Speaking last night, he defended the decision to reopen the station, saying: “I did what I said I would do. I used my clout to reopen Garda stations over the country. It was not stroke politics. The case to reopen Stepaside was compelling; that is why it happened.”
Mr Ross refuted comments from his Independent Alliance colleague John Halligan in an interview with the Irish Examiner last month that Taoiseach Leo Varadkar promised to deliver on Stepaside days before he succeeded Enda Kenny. Mr Varadkar and Mr Ross are under fire for the “political stroke” which led to the June 13 decision to reopen Stepaside Garda Station ahead of other stations.
At a hearing of the Public Accounts Committee (PAC) yesterday with acting Garda Commissioner Dónall Ó Cualáin, it emerged that gardaí recommended the reopening of four stations on June 9, but that only Stepaside got the go-ahead.

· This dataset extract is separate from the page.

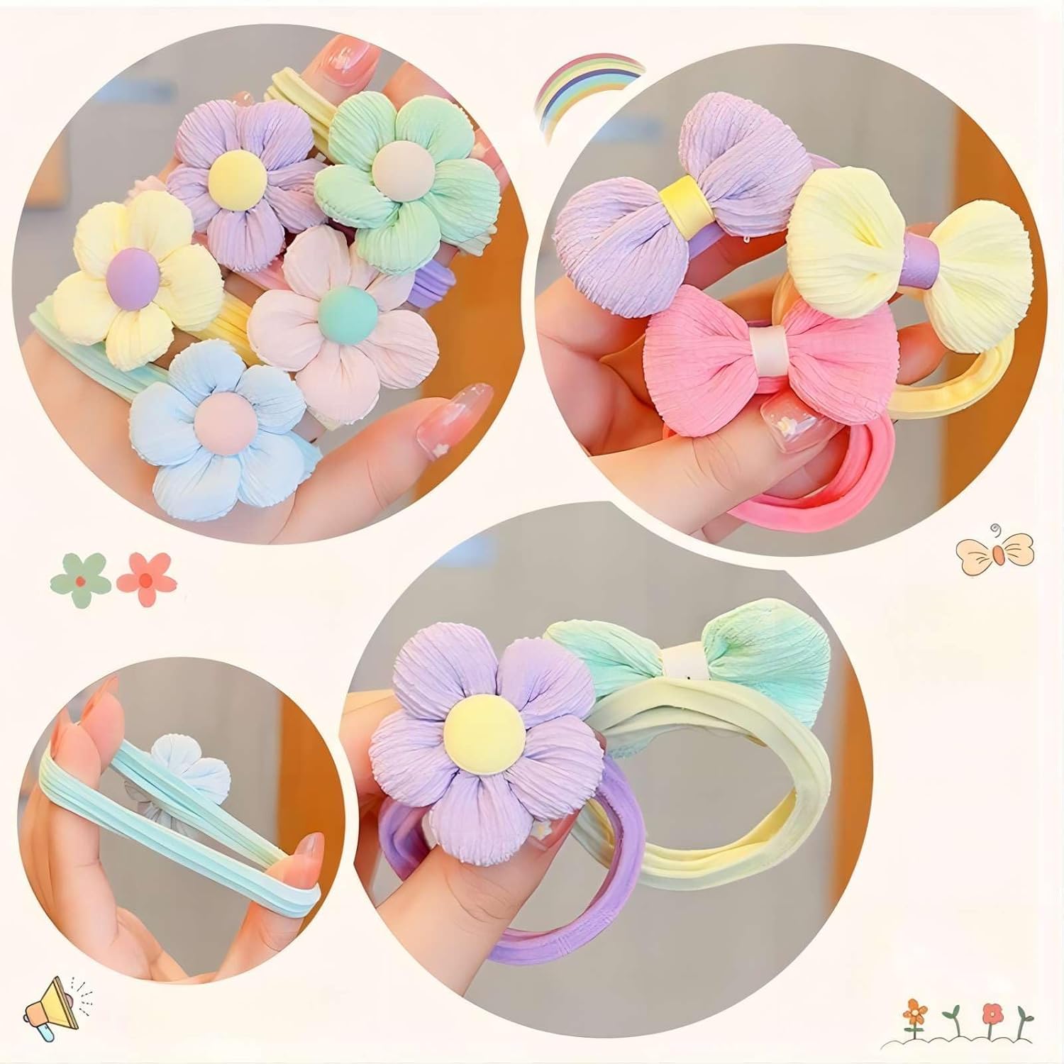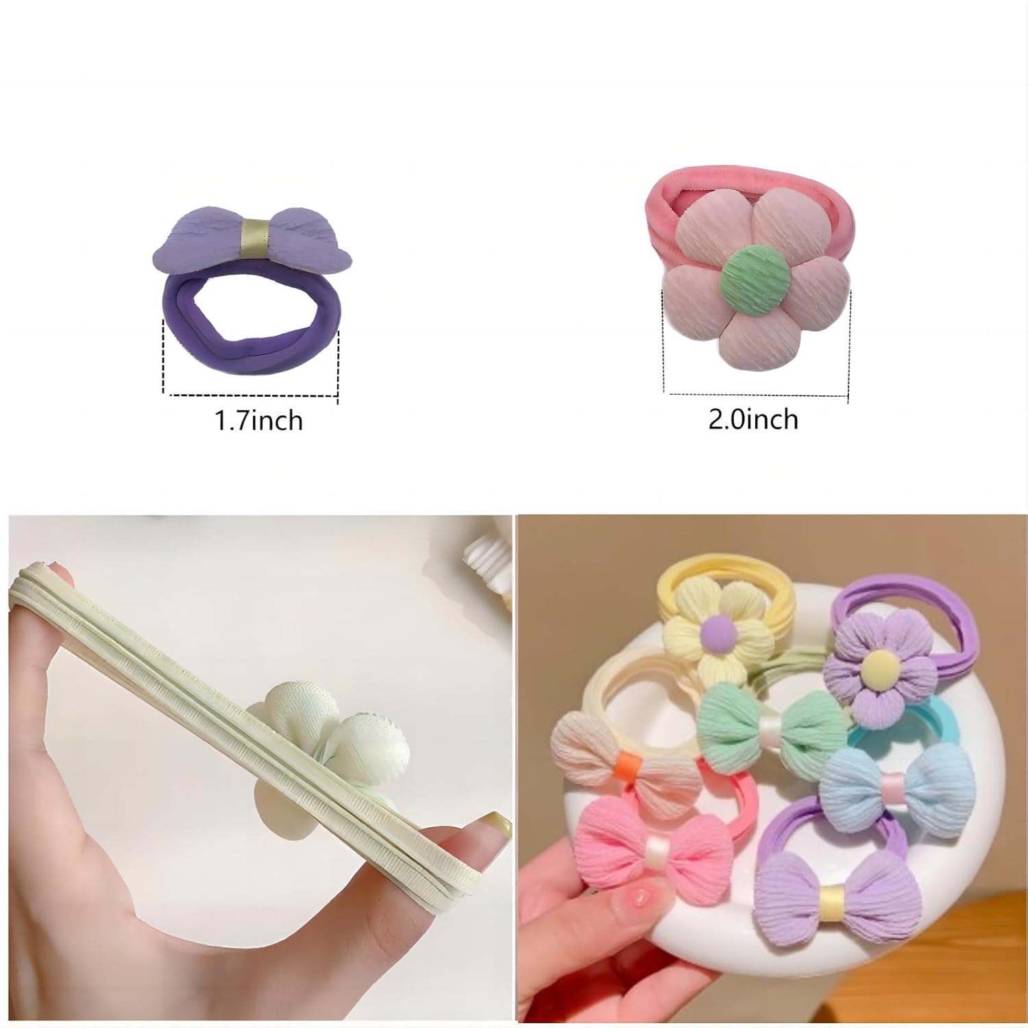Fashionable Design:24 pcs toddler hair ties with bows and flowers style,each style designed according to the preferences of children,have 6 colors,pink,yellow,blue,purple,beige,and pink.Candy colors and fashion pretty design are popular among baby girls, toddler girls, kids, little girls and teens.

Several members of the PAC are demanding answers from Justice Minister Charlie Flanagan, Noel Waters, the top official in the Department of Justice, and the head of Garda HR, over their role in the “political stroke” which led to the decision. Fianna Fáil TD Marc MacSharry has written to committee chairman Sean Fleming, asking him to invite the three men and Mr Ó Cualáin to appear before PAC.
The move to reopen Stepaside was heralded by Mr Ross when he hung a large banner outside the station on the day of the announcement.
At the PAC yesterday, Mr Ross and Mr Varadkar were accused of the “political cherrypicking” of Stepaside Garda Station for reopening on the back of an unfinished internal report.
The Department of Justice had been advised to reinvest in the city suburb in an interim report on the reopening of six stations by Assistant Commissioner John O’Driscoll.
The acting Garda chief revealed that Rush station in North Co Dublin was also recommended for reopening in the same review, along with two other stations outside the capital.
Two other locations were identified for new stations to be built. Mr Ó Cualáin insisted the controversial reopening of a station in a Government minister’s constituency was based purely on policing, but members rejected his comments.
Speaking to the Irish Examiner, Social Democrats TD and PAC member Catherine Murphy said: “The absence of any other evidence suggests that conclusion that it was a stroke. When you match that with what John Halligan told your paper, you can only come to that conclusion.”
Fianna Fáil’s Shane Cassells echoed her words and said
“the dogs in the street” know that this was a political decision aimed at keeping Mr Ross happy.
Mr Cassells said the role of the Department of Justice in this saga left a lot of questions that need answering and called for Mr Waters to come before the committee.
The report has not been published and no decisions were announced about the four other locations when Stepaside was confirmed on June 13 at Mr Kenny’s last Cabinet meeting as taoiseach.
Mr Ó Cualáin told the committee he stands by the Stepaside recommendation, and insisted it was about policing. “I’m not aware that anybody brought any pressure to bear,” he told the committee.
Mr Ó Cualáin added: “The only criteria that I can consider as commissioner are based on policing needs and requirements for the communities.”
The final report is expected to be given to Government in the coming weeks.
Sinn Fein deputy leader Mary Lou McDonald said: “It’s a disgrace that political cherry picking of Garda decisions happens.”